Records from a dataset:

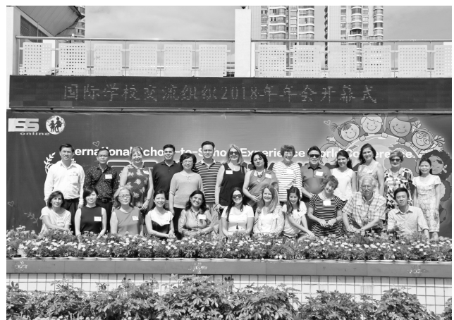
2018 年カンファレンス
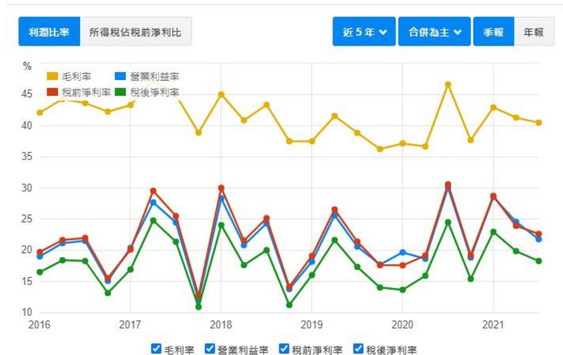
圖三 關貿近 5 年毛利率與淨利率趨勢圖
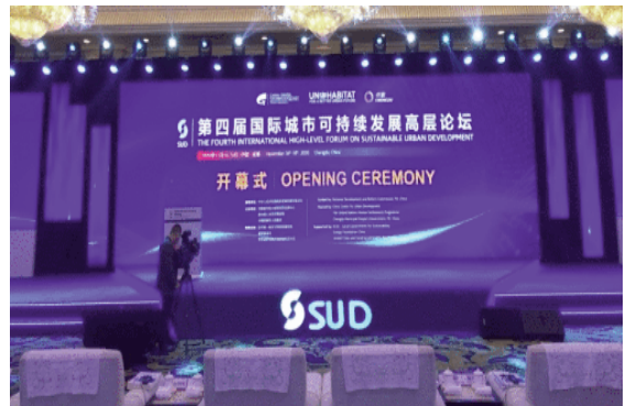
Diễn đàn phát triển đô thị chất lượng cao toàn quốc lần thứ 4 tổ chức tại Thượng Hải

Thúc đẩy chuyển đổi và nâng cấp ngành xây dựng, cung cấp các sản phẩm xây dựng
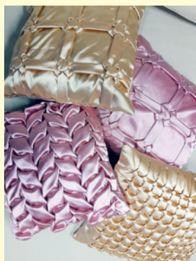
Poduszki wykonane przez uczestniczki warsztatów
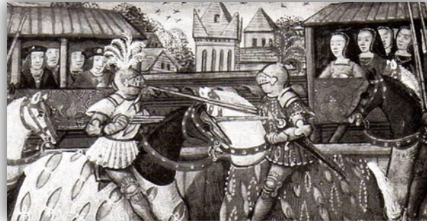
Document 1: les tournois. Le tournoi est une fête et un entraînement au combat. Les chevaliers désarment leur adversaire à coups de lance.

Pour se distraire, il organise des tournois et de grands repas où les ménestrels et les troubadours chantent et racontent des histoire. Il fait aussi la guerre aux autres seigneurs pour les piller et s'enrichir.

Task: What you return should be the entries from above, unchanged and without their images.

Your solution:
2018 年カンファレンス
圖三 關貿近 5 年毛利率與淨利率趨勢圖
Diễn đàn phát triển đô thị chất lượng cao toàn quốc lần thứ 4 tổ chức tại Thượng Hải

Thúc đẩy chuyển đổi và nâng cấp ngành xây dựng, cung cấp các sản phẩm xây dựng
Poduszki wykonane przez uczestniczki warsztatów
Document 1: les tournois. Le tournoi est une fête et un entraînement au combat. Les chevaliers désarment leur adversaire à coups de lance.

Pour se distraire, il organise des tournois et de grands repas où les ménestrels et les troubadours chantent et racontent des histoire. Il fait aussi la guerre aux autres seigneurs pour les piller et s'enrichir.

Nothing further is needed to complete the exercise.